In clinical studies like liquid biopsy, exRNA (extra-cellular RNA) is also called cfRNA (cell free RNA). Many exRNAs are noncoding RNAs (ncRNAs), like miRNA, lncRNA, srpRNA, circRN, etc.
Microbial RNA (mbRNA). Research on microbial RNA has revealed that bacteria, viruses, and other microorganisms produce diverse RNA molecules that influence host health and disease. Small RNAs (sRNAs) in bacteria regulate virulence genes, stress responses, and antibiotic resistance, contributing to infections such as tuberculosis and sepsis. Viral RNAs, including microRNA-like molecules encoded by viruses such as Epstein–Barr virus, can modulate host immune pathways and promote oncogenesis in diseases like lymphoma. Advances in high-throughput sequencing (Meta-genomics and Meta-transcriptomics) have enabled the identification of microbial RNA signatures associated with conditions ranging from inflammatory bowel disease to cancer.
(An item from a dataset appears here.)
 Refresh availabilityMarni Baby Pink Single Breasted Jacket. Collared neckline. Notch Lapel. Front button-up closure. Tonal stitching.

Understanding these RNA-mediated mechanisms is guiding the development of RNA-based diagnostics, vaccines, and targeted antimicrobial therapies.
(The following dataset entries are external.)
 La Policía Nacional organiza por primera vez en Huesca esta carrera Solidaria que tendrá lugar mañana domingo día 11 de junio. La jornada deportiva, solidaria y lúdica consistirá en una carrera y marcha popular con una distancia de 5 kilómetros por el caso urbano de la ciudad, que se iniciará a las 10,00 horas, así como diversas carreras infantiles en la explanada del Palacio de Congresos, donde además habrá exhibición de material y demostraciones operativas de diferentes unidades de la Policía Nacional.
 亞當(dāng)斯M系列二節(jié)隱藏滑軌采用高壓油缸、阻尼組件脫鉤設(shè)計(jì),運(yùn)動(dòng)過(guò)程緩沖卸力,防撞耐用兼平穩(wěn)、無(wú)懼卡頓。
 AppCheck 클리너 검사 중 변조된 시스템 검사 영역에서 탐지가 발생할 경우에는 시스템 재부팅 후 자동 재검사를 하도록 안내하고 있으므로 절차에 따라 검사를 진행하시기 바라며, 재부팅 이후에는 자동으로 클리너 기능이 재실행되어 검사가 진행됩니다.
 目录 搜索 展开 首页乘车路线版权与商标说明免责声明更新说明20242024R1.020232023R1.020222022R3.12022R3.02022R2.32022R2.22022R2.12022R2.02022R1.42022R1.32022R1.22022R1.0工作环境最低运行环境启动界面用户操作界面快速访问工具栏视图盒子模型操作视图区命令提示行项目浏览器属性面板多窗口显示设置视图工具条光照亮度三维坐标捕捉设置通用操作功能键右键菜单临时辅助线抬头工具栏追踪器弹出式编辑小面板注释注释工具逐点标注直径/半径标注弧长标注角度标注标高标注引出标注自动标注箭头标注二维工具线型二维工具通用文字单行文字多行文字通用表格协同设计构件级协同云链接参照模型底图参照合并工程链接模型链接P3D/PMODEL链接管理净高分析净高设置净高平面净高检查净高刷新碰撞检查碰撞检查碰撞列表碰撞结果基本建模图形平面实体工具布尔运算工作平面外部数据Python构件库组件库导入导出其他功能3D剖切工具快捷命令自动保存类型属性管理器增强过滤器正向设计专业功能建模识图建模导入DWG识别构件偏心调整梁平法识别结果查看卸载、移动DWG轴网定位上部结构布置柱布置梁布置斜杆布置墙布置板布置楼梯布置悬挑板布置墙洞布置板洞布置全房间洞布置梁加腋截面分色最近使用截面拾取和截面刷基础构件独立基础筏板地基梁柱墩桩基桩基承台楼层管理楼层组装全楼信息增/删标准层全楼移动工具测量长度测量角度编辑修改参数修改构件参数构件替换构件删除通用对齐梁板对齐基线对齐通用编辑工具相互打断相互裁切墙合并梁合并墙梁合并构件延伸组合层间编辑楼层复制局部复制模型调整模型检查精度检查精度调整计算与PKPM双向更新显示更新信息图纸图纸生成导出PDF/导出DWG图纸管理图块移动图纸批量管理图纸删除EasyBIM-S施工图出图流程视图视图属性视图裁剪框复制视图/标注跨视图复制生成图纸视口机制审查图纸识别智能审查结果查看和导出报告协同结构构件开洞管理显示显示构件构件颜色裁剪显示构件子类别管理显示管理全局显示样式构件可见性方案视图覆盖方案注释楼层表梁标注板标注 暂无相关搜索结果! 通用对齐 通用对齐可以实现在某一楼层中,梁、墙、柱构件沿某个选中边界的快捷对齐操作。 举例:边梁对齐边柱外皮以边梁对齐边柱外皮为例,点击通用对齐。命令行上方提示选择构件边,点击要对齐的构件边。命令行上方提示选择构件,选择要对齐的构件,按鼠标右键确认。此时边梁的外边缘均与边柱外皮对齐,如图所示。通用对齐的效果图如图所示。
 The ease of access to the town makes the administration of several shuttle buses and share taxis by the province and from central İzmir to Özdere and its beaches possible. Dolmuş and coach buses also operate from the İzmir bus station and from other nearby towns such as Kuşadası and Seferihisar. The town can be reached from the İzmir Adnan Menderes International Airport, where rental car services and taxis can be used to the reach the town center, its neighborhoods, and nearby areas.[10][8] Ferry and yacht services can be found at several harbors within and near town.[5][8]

double-stranded RNA (dsRNA). Three well-known types of noncoding RNA include miRNA, siRNA, and piRNA. These are distinct RNA types generated through double-stranded RNA (dsRNA) processing. Double-stranded RNA (dsRNA) is a molecule composed of two complementary RNA strands. RNA interference typically requires dsRNA, which can be introduced exogenously (such as viruses) or produced endogenously (such as repetitive sequences in human genome). Advances in research have revealed that there are far more than just these three types of dsRNA. These diverse dsRNAs play important roles in the immune system, particularly in antiviral and anti-tumor immune responses. For example, srpRNAs exert intercellular regulatory functions through exosome trafficking within the cancer microenvironment.
More Reading: dsRNA code
A2. RNAfinder - Applications
A2.1 [Medicine] Precision Medicine
Clinical applications. By applying the above methods to liquid biopsy, we help many clinical studies like cancer screen.
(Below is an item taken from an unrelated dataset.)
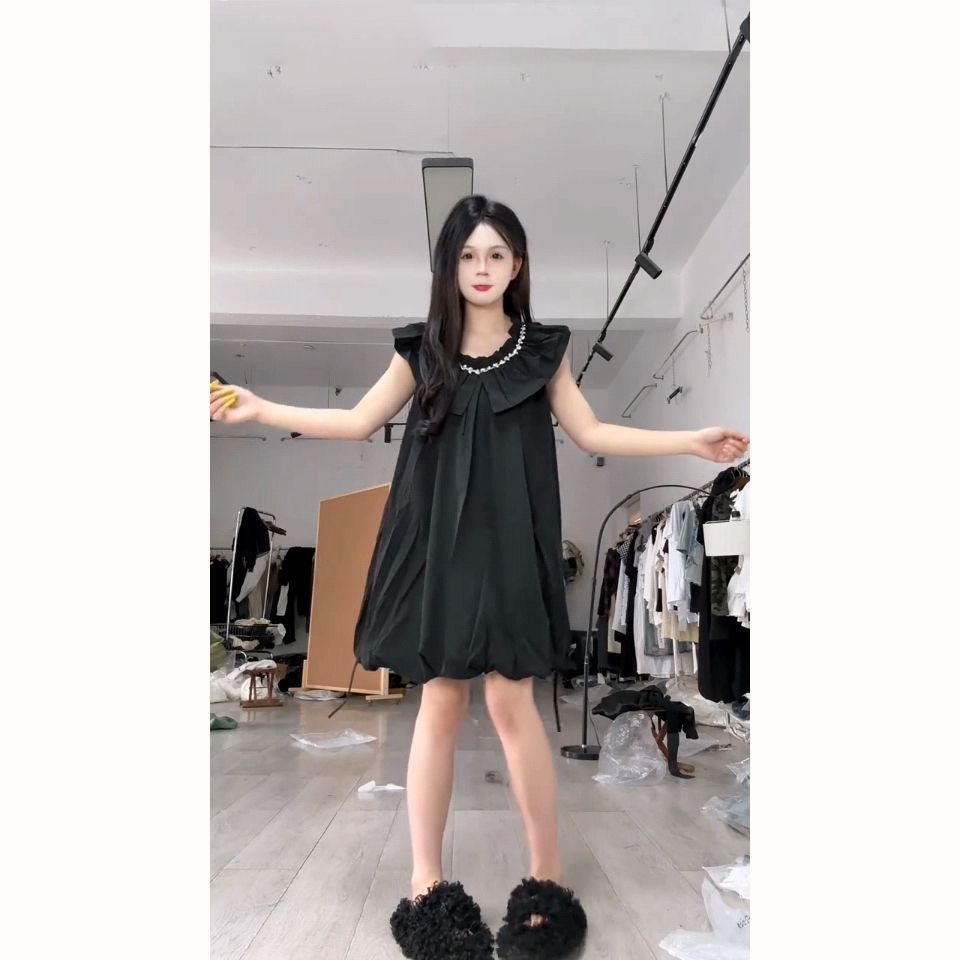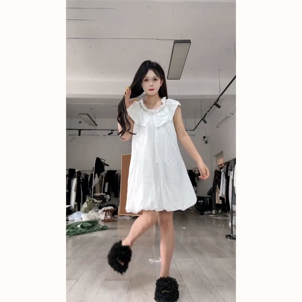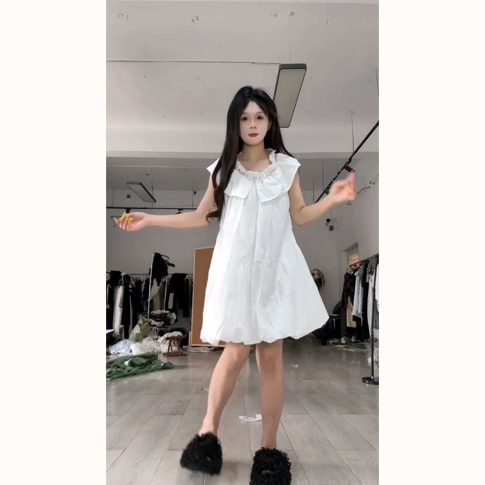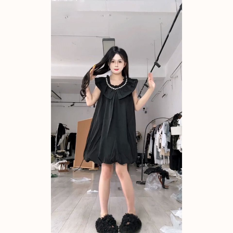 法式甜美学院风镶钻连衣裙女学生韩版宽松显瘦夏季新款小个子短裙
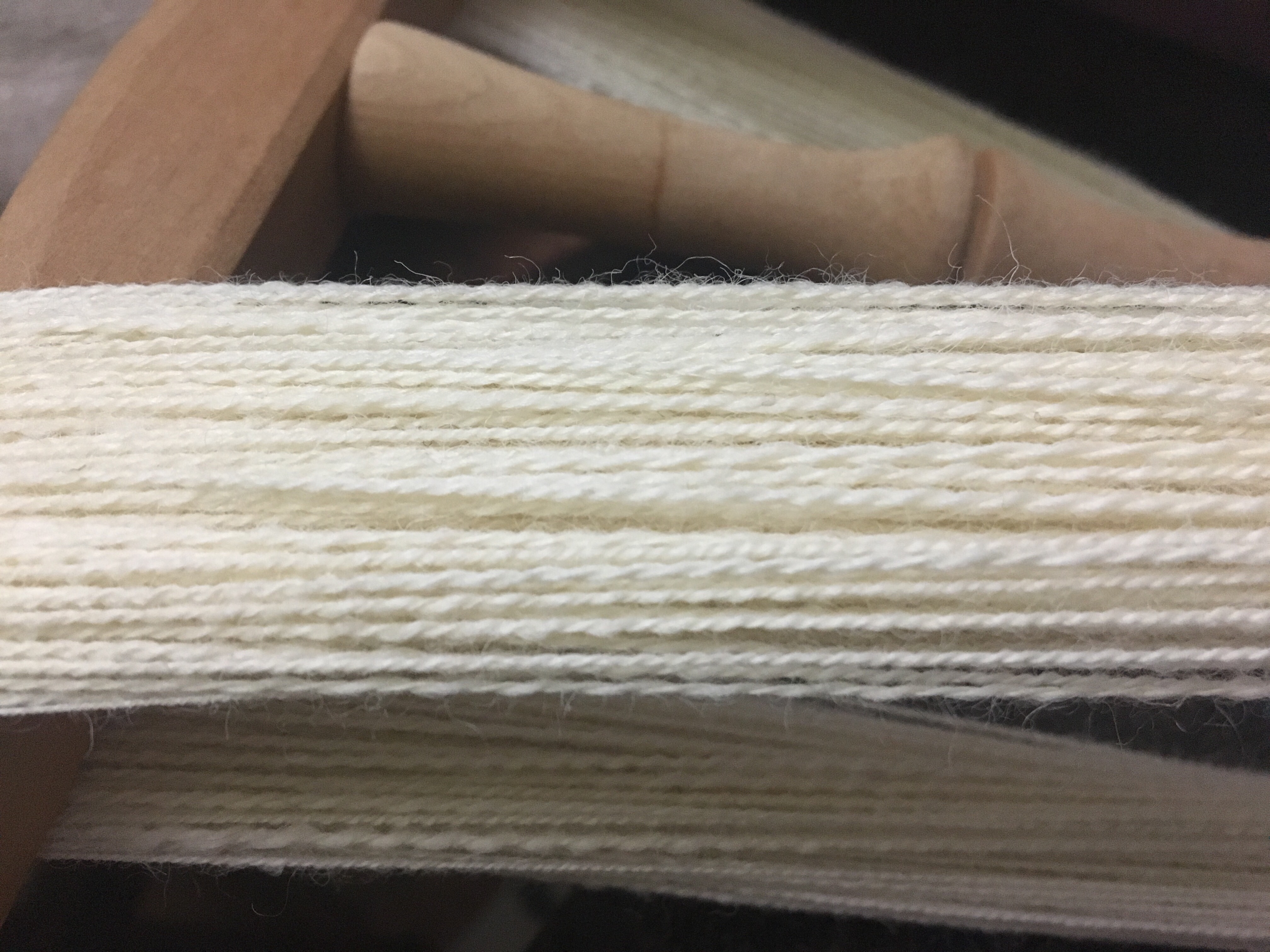 I’ve gotten pretty hooked on distaff spinning. Here’s my latest batch after plying, still on the niddy-noddy:

By integrating transcriptomics data with other multiomics data, we aim to explain development of complex diseases based on an integrative, multi-dimensional level. We develop sequencing and bioinformatics methods to study cellular and extracellular transcriptome of coding and noncoding RNAs (ncRNAs) for varous immune cells of patients at the single-cell level and multi-molecular level.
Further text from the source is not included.